Material provided Block Start
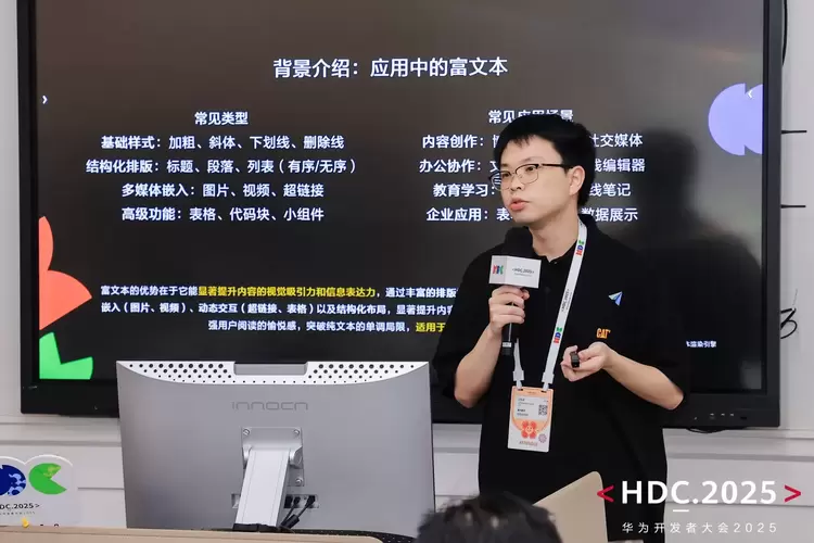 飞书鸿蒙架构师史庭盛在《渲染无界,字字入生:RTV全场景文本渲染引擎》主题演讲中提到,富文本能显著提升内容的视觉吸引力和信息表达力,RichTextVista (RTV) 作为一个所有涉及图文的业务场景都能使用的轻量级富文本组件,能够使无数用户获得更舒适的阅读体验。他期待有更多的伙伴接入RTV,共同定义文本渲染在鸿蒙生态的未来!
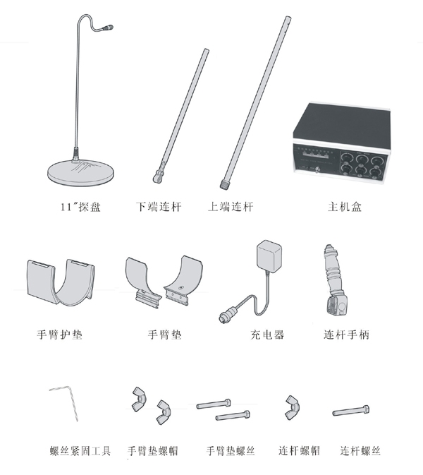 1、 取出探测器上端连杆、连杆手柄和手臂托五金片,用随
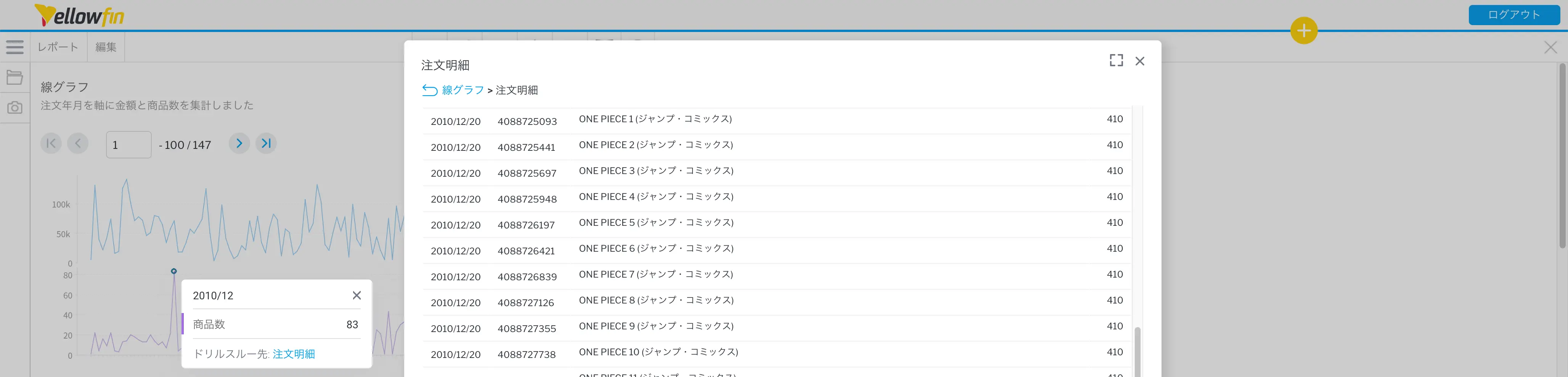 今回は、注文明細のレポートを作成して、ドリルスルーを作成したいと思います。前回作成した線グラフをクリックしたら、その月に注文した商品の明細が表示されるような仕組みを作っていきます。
Material provided Block End
> _Goal of the exercise_
Where the line containing "1、 取出探测器上端连杆、连杆手柄和手臂托五金片,用随" appears, begin writing out the lines word for word, and continue through the last line of the data, leaving out pictures.

> _Solution_
 1、 取出探测器上端连杆、连杆手柄和手臂托五金片,用随
 今回は、注文明細のレポートを作成して、ドリルスルーを作成したいと思います。前回作成した線グラフをクリックしたら、その月に注文した商品の明細が表示されるような仕組みを作っていきます。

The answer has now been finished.